GIVEN DATA Block Start

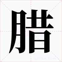 “腊” 字共有 12 画,拼音:là,xī,注音:ㄌㄚˋ|ㄒㄧ,部首:月,笔画数:12 画,字体结构:左右结构,五行:火,五笔:EAJG,Unicode编码:U+814A,郑码:QEK,仓颉:BTA,“腊”字笔顺为:ノフ一一一丨丨一丨フ一一
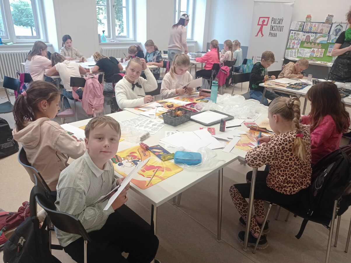 Ve středu 24. 9. jsme dostali v Městské knihovně v Kutné Hoře příležitost seznámit se a pracovat s polskou ilustrátorkou a výtvarnicí paní Martou Hilbert. Paní Marta nás přivítala krásnou češtinou a společně jsme se naučili pozdravit a představit se i v polštině. Potom jsme už začali tvořit...
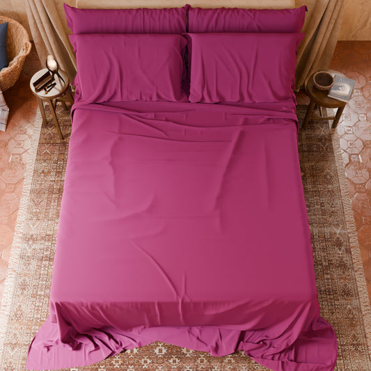 Lenzuola Matrimoniali, Singole, Una Piazza e Mezza, in Cotone, Fucsia

GIVEN DATA Block End

Please transcribe the whole listing above exactly, with the images left out.

 “腊” 字共有 12 画,拼音:là,xī,注音:ㄌㄚˋ|ㄒㄧ,部首:月,笔画数:12 画,字体结构:左右结构,五行:火,五笔:EAJG,Unicode编码:U+814A,郑码:QEK,仓颉:BTA,“腊”字笔顺为:ノフ一一一丨丨一丨フ一一
 Ve středu 24. 9. jsme dostali v Městské knihovně v Kutné Hoře příležitost seznámit se a pracovat s polskou ilustrátorkou a výtvarnicí paní Martou Hilbert. Paní Marta nás přivítala krásnou češtinou a společně jsme se naučili pozdravit a představit se i v polštině. Potom jsme už začali tvořit...
 Lenzuola Matrimoniali, Singole, Una Piazza e Mezza, in Cotone, Fucsia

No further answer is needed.